> **Exercise directions**: No pictures, please. Copy exactly the lines from the one with "This Vintage per-owned" through the final line below.

> **Information shown**:
§
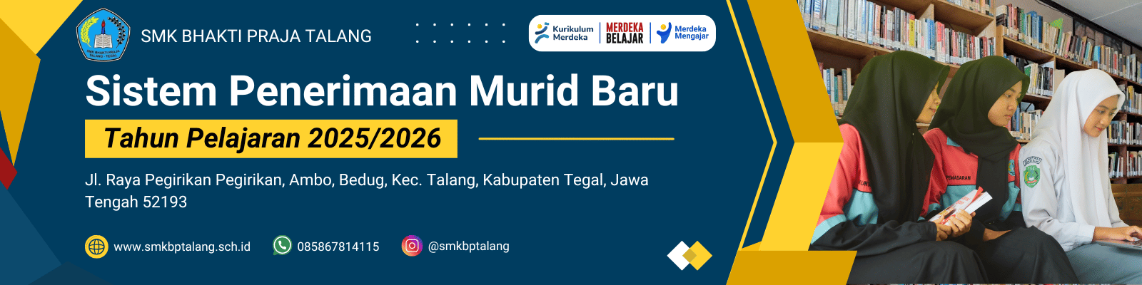 Selamat Datang di Website Sistem Penerimaan Murid Baru (SPMB) SMK Bhakti Praja Talang. Kami membuka pendaftaran peserta didik baru untuk Tahun Ajaran 2025 - 2026 mulai tanggal 6 Januari 2025 dengan beberapa jalur pendaftaran.
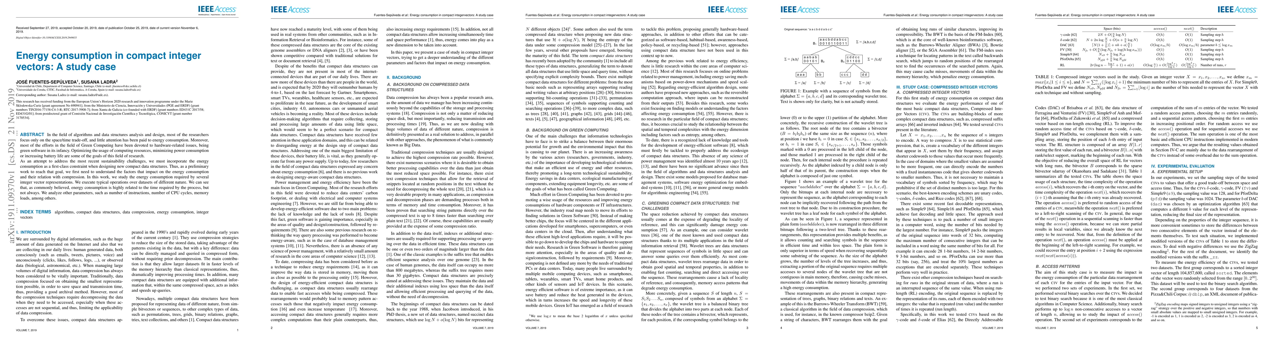 In the field of algorithms and data structures analysis and design, most of the researchers focus only on the space/time trade-off, and little attention has been paid to energy consumption. Moreover, most of the efforts in the field of Green Computing have been devoted to hardware-related issues, being green software in its infancy. Optimizing the usage of computing resources, minimizing power consumption or increasing battery life are some of the goals of this field of research. As an attempt to address the most recent sustainability challenges, we must incorporate the energy consumption as a first-class constraint when designing new compact data structures. Thus, as a preliminary work to reach that goal, we first need to understand the factors that impact on the energy consumption and their relation with compression. In this work, we study the energy consumption required by several integer vector representations. We execute typical operations over datasets of different nature. We can see that, as commonly believed, energy consumption is highly related to the time required by the process, but not always. We analyze other parameters, such as number of instructions, number of CPU cycles, memory loads, among others.
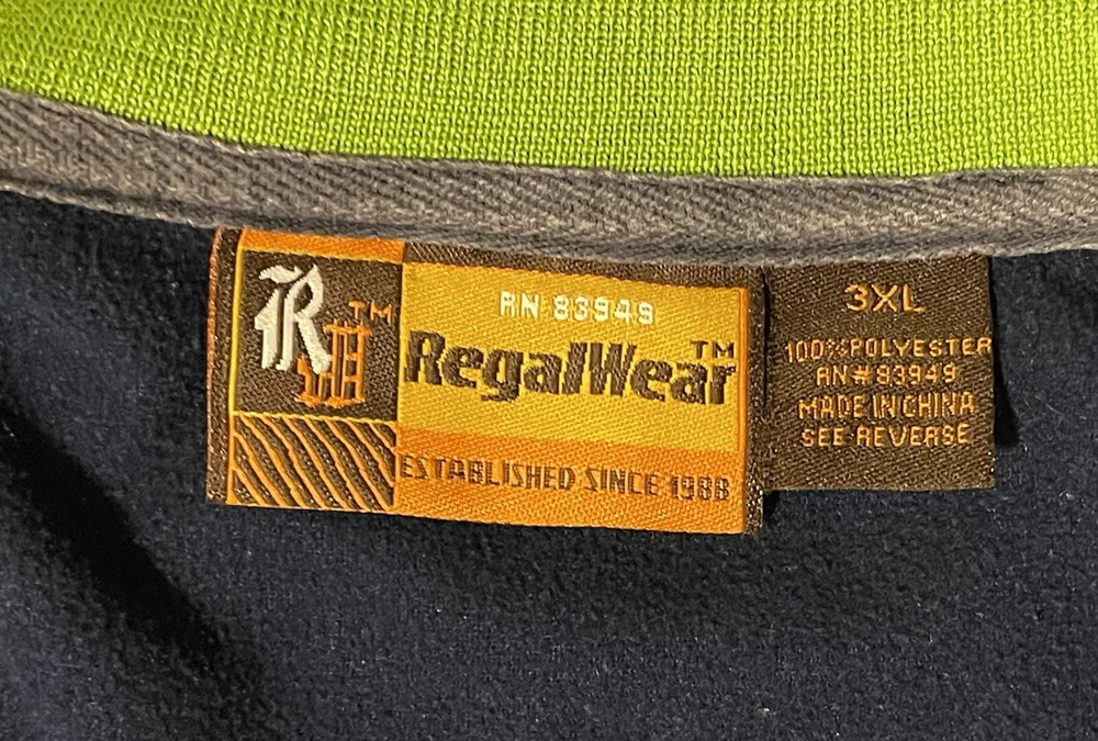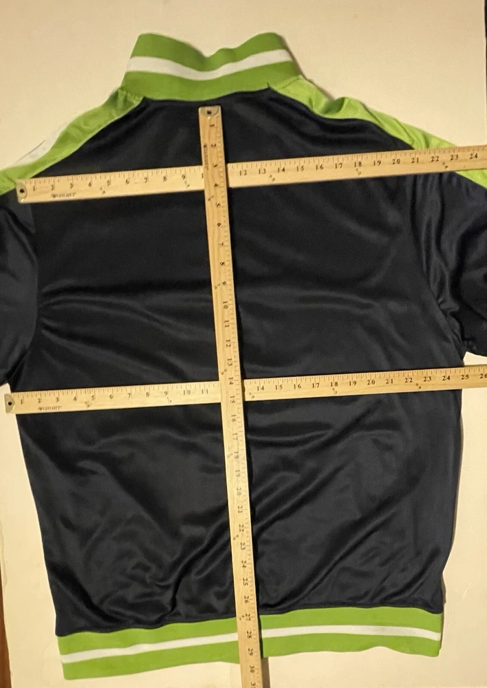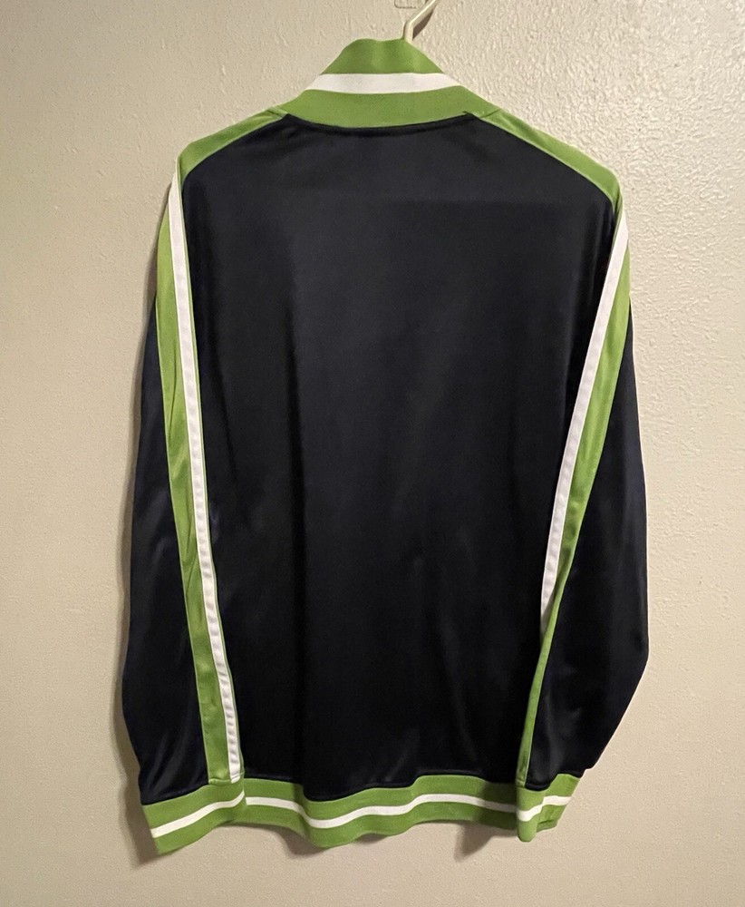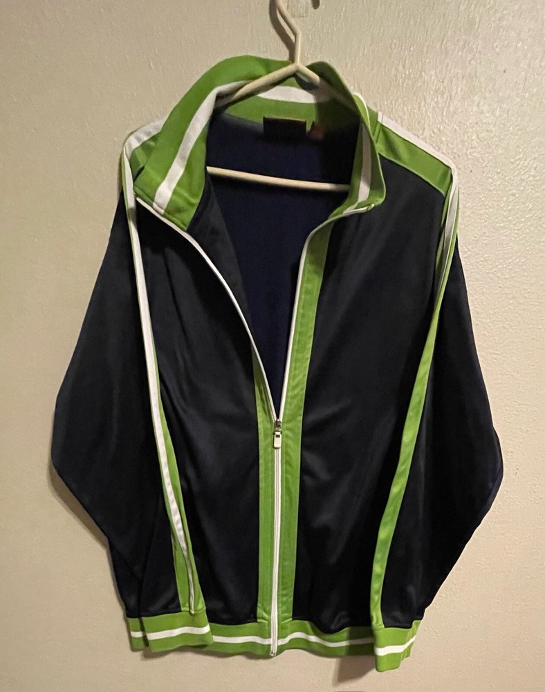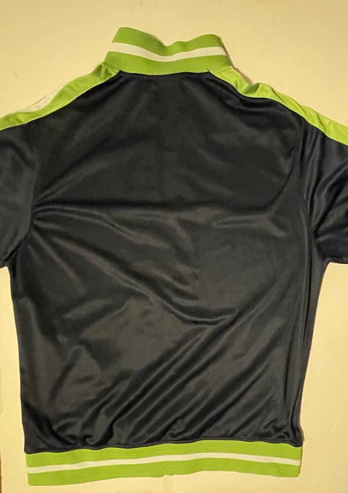 This Vintage per-owned RegalWear zippered Jacket is in good condition. Please see photos for a visual description. Show off this vintage RegalWear with Seattle Seahawks colors windbreaker jacket with The blue and green color block pattern is perfect for any casual occasion, and the mid-length coat is designed to keep you comfortable in all seasons. The jacket features a full zip closure and elastic waist for a secure fit, and the softshell fabric is both water and wind-resistant. With pockets for added convenience, this jacket is perfect for outdoor activities and sports events. It's machine washable and easy to care for, making it a great addition to your wardrobe. Get ready to cheer on the Seahawks in style with this RegalWear windbreaker jacket!
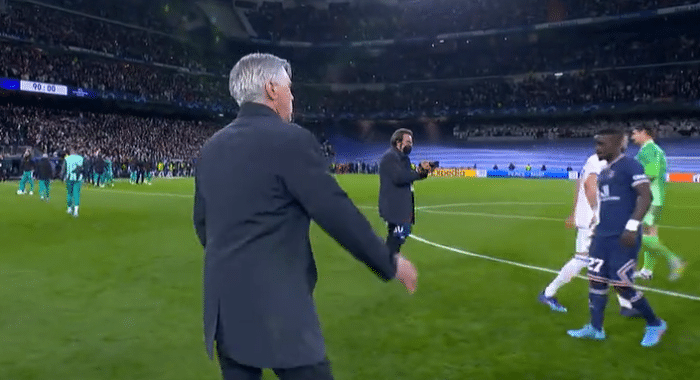 安切洛蒂也上前和对手致意,同时拥抱他的弟子们,他们完成了一场大逆转。
§
> **Result of the task**:
 This Vintage per-owned RegalWear zippered Jacket is in good condition. Please see photos for a visual description. Show off this vintage RegalWear with Seattle Seahawks colors windbreaker jacket with The blue and green color block pattern is perfect for any casual occasion, and the mid-length coat is designed to keep you comfortable in all seasons. The jacket features a full zip closure and elastic waist for a secure fit, and the softshell fabric is both water and wind-resistant. With pockets for added convenience, this jacket is perfect for outdoor activities and sports events. It's machine washable and easy to care for, making it a great addition to your wardrobe. Get ready to cheer on the Seahawks in style with this RegalWear windbreaker jacket!
 安切洛蒂也上前和对手致意,同时拥抱他的弟子们,他们完成了一场大逆转。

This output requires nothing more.